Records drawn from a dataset
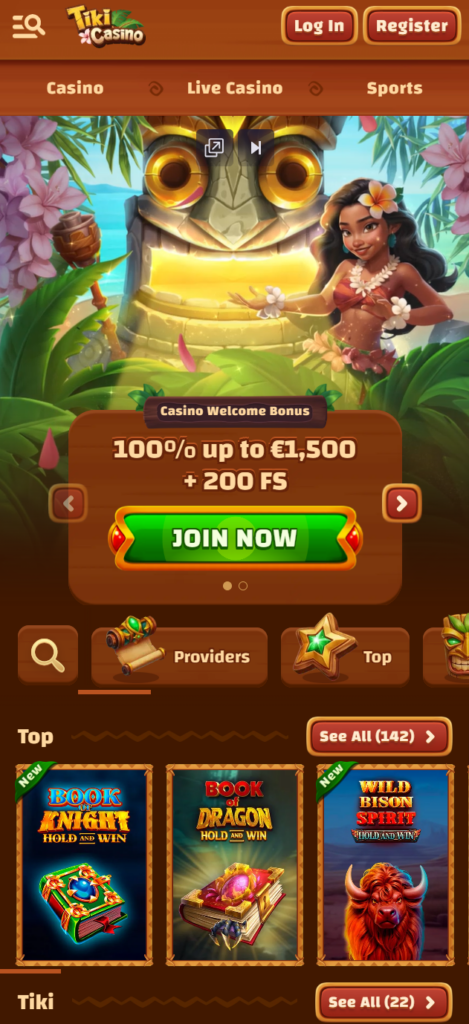 TikiCasino bietet einen frischen Ansatz, indem es Sportwetten mit Casinospielen unter einem fußballthematischen Branding verbindet. Die Spielauswahl ist solide, die Oberfläche sauber und der Support reaktionsschnell.
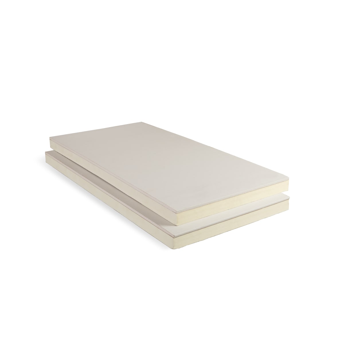 The Recticel Eurothane PL PIR Board 2400 x 1200 x 77.5mm (L x W x T) combines in itself an insulation and plasterboard in one single, handy and durable board. Suitable for internal wall insulation and pitched roof applications, this insulation board is consistently sized with extremely tight tolerances, ensuring thermal bridging is minimised. Factory bonded, the plasterboard provides optimum board dimensions and optimum adhesion between layers.
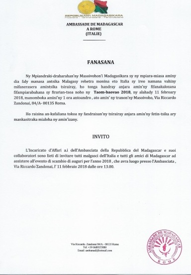 Siccome siamo già sotto Carnevale, possiamo venire mascherati, grandi e piccini, sarà ancora più divertente, come abbiamo già fatto qualche anni fa (Carnevale 2007). Poi essendo una festa di famiglia, portiamo anche qualcosa da mangiare che condividiamo nella gioia. I personali dell'ambasciata comunque ci offrira il "nofon-kena mitam-pihavanana", letteralmente la carne che mantiene il Fihavanana cioè loro ci offrirano il barbecue.
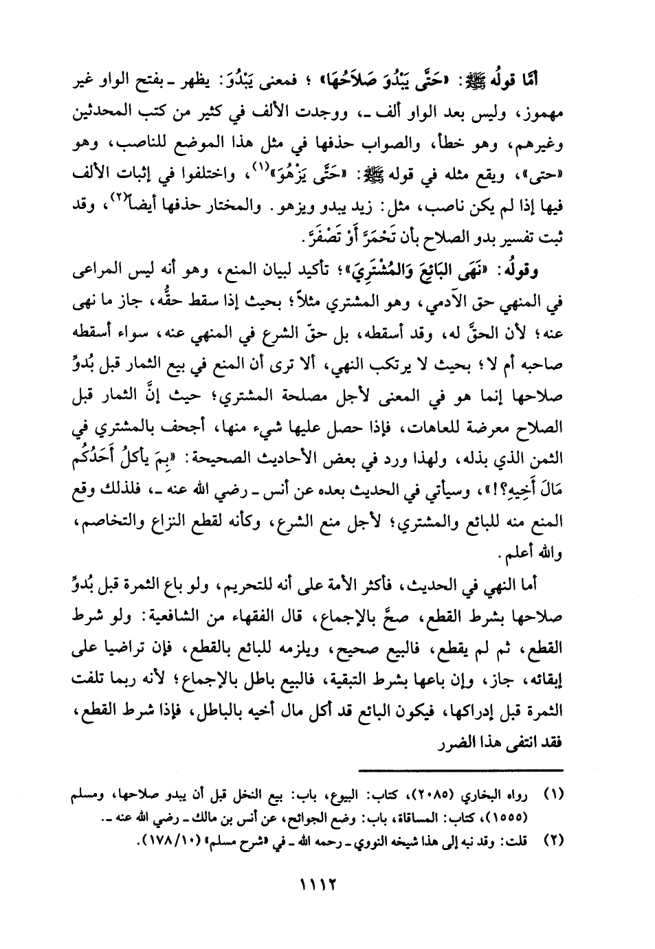 أما النهي في الحديث، فأكثر الأمة على أنه للتحريم، ولو باع الثمرة قبل بُدوِّ صلاحها بشرط القطع، صحَّ بالإجماع، قال الفقهاء من الشافعية: ولو شرط القطع، ثم لم يقطع، فالبيع صحيح، ويلزمه للبائع بالقطع، فإن تراضيا على إبقائه، جاز، وإن باعها بشرط التبقية، فالبيع باطل بالإجماع؛ لأنه ربما تلفت الثمرة قبل إدراكها، فيكون البائع قد أكل مال أخيه بالباطل، فإذا شرط القطع، فقد انتفى هذا الضرر.
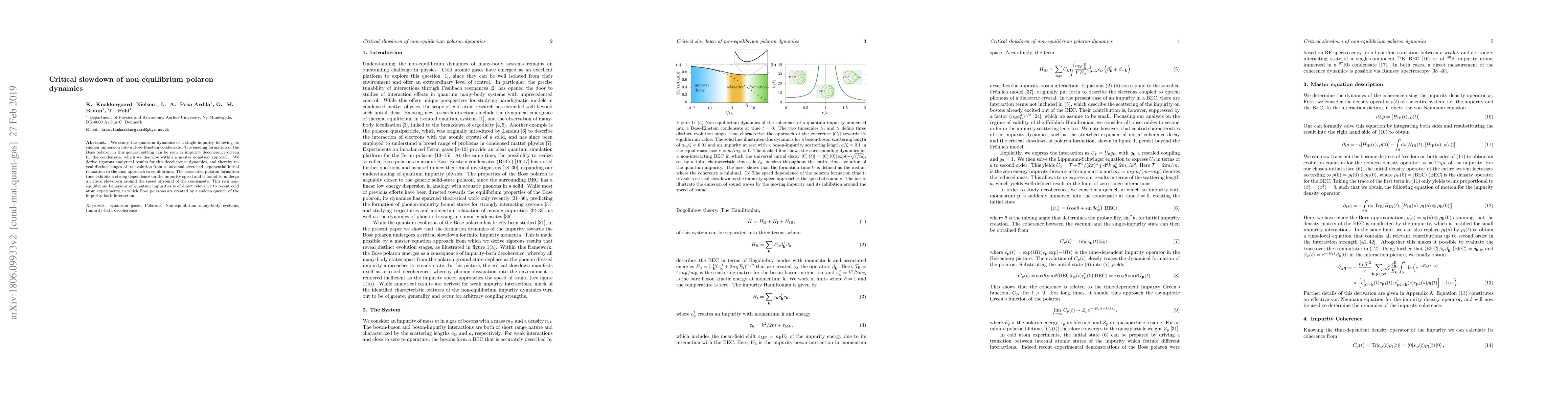 This paper investigates the quantum dynamics of a single impurity immersed into a Bose-Einstein condensate, focusing on the formation of a Bose polaron and its decoherence. The study reveals a critical slowdown in the polaron formation time around the speed of sound, highlighting distinct stages of evolution from initial stretched exponential relaxation to equilibrium.
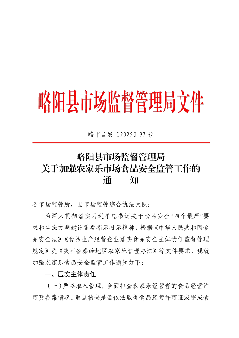 星空体育首页app市场监督管理局关于加强农家乐市场食品安全监管工作的通知
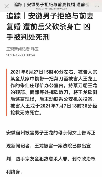 2021年12月,正观新闻发布题为《安徽男子拒绝与前妻复婚,遭前岳父砍杀身亡,凶手被判处死刑》的报道。报道依据的是宿州市中级人民法院作出的一审刑事附带民事判决书,文中也提及了“一审开庭”“当庭并未宣判”“法院已经作出判决”等时间节点。
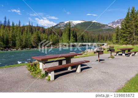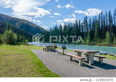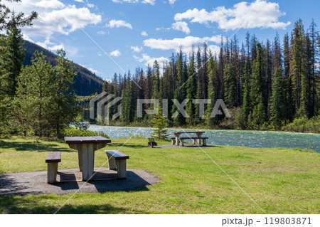 A picnic table and benches on the green meadow next to a river. Mountain and forest in the background. Maligne River in Jasper National Park, Alberta, Canada. Canadian Rockies.
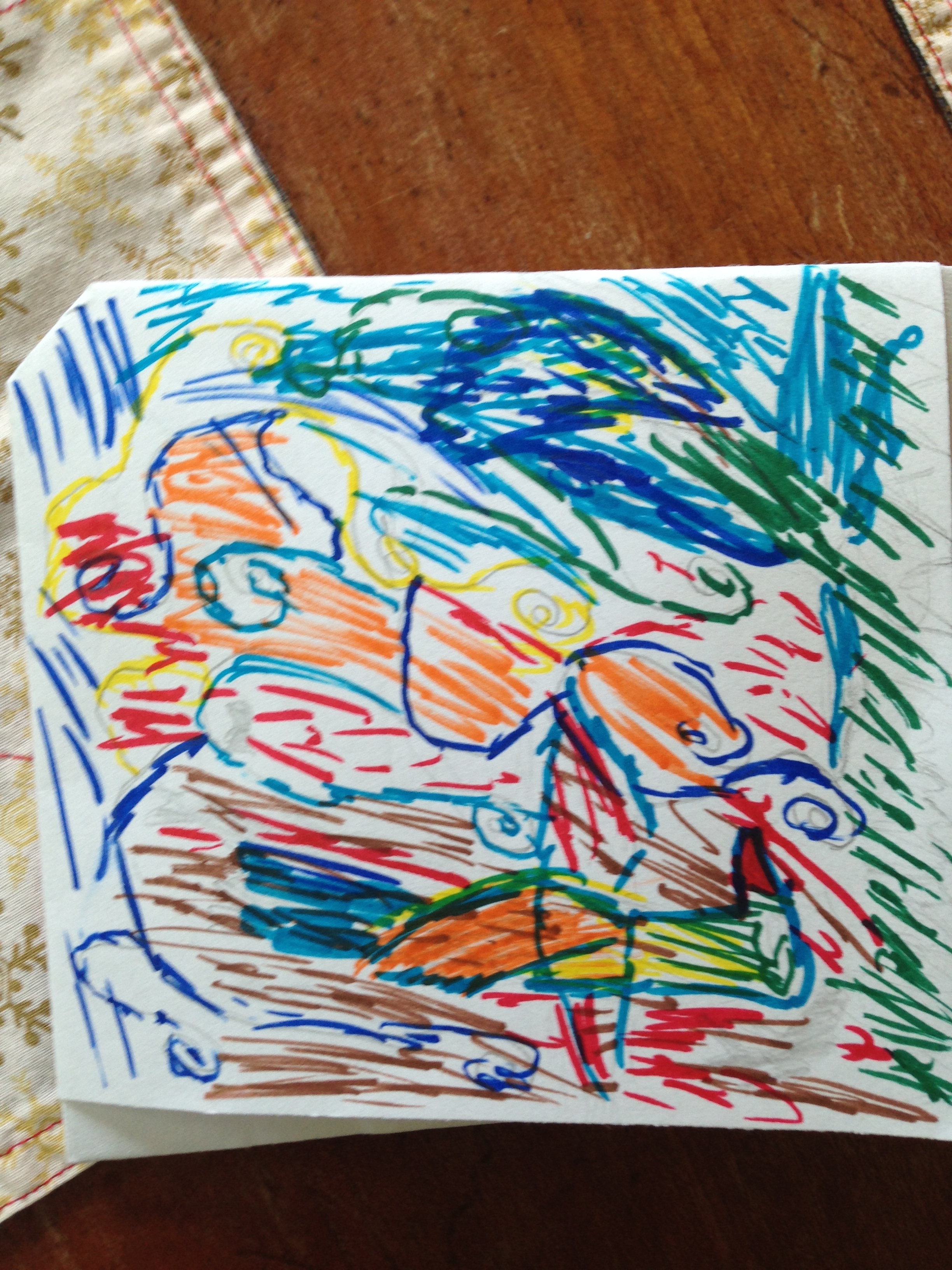 What the heck did she draw all over it?? Jesse doesn’t do random scribbles. She’s always trying to draw something. So I took a closer look at each of the four panels.
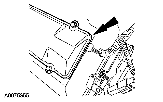 Lift up the wire harness and apply a 12.7 mm (0.5 inch) bead of silicone sealer in the notch of the valve cover.
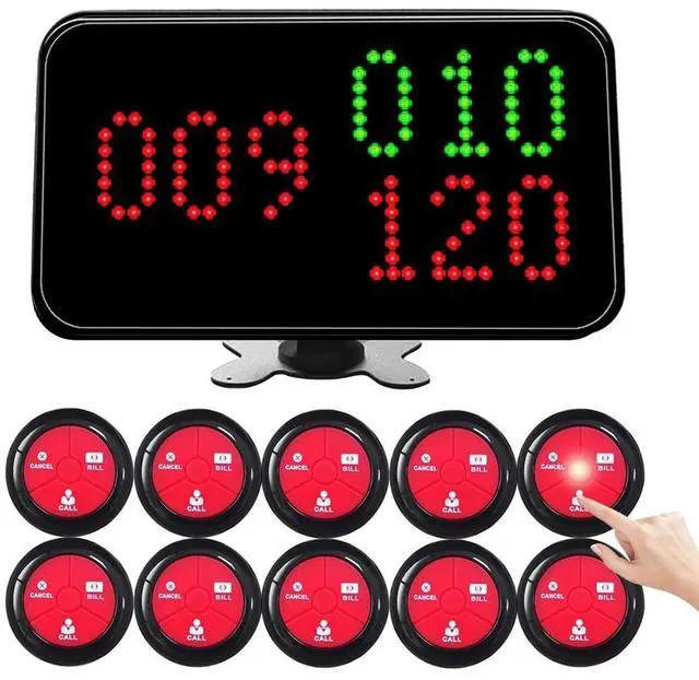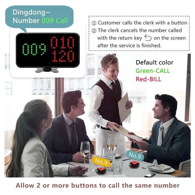 Note: Fully extend the antenna for the most optimal signal range. Install the table call system on or near metal walls surface will affect the signal range significantly. How this restaurant call button system works? 1-Customer press the call button when need service; 2-The calling number will show on the display accompany with broadcast voice; 3-The waiter will walk to the table that is calling; 4-Then press the CANCEL key after finishing service.

INSTRUCTIONS FOR THE TASK:
Although the records above contain pictures, the copy must not; set down exactly the lines from the one with "This paper investigates" up to and including the one with "Lift up the".

ANSWER TO THE PROBLEM:
 This paper investigates the quantum dynamics of a single impurity immersed into a Bose-Einstein condensate, focusing on the formation of a Bose polaron and its decoherence. The study reveals a critical slowdown in the polaron formation time around the speed of sound, highlighting distinct stages of evolution from initial stretched exponential relaxation to equilibrium.
 星空体育首页app市场监督管理局关于加强农家乐市场食品安全监管工作的通知
 2021年12月,正观新闻发布题为《安徽男子拒绝与前妻复婚,遭前岳父砍杀身亡,凶手被判处死刑》的报道。报道依据的是宿州市中级人民法院作出的一审刑事附带民事判决书,文中也提及了“一审开庭”“当庭并未宣判”“法院已经作出判决”等时间节点。
 A picnic table and benches on the green meadow next to a river. Mountain and forest in the background. Maligne River in Jasper National Park, Alberta, Canada. Canadian Rockies.
 What the heck did she draw all over it?? Jesse doesn’t do random scribbles. She’s always trying to draw something. So I took a closer look at each of the four panels.
 Lift up the wire harness and apply a 12.7 mm (0.5 inch) bead of silicone sealer in the notch of the valve cover.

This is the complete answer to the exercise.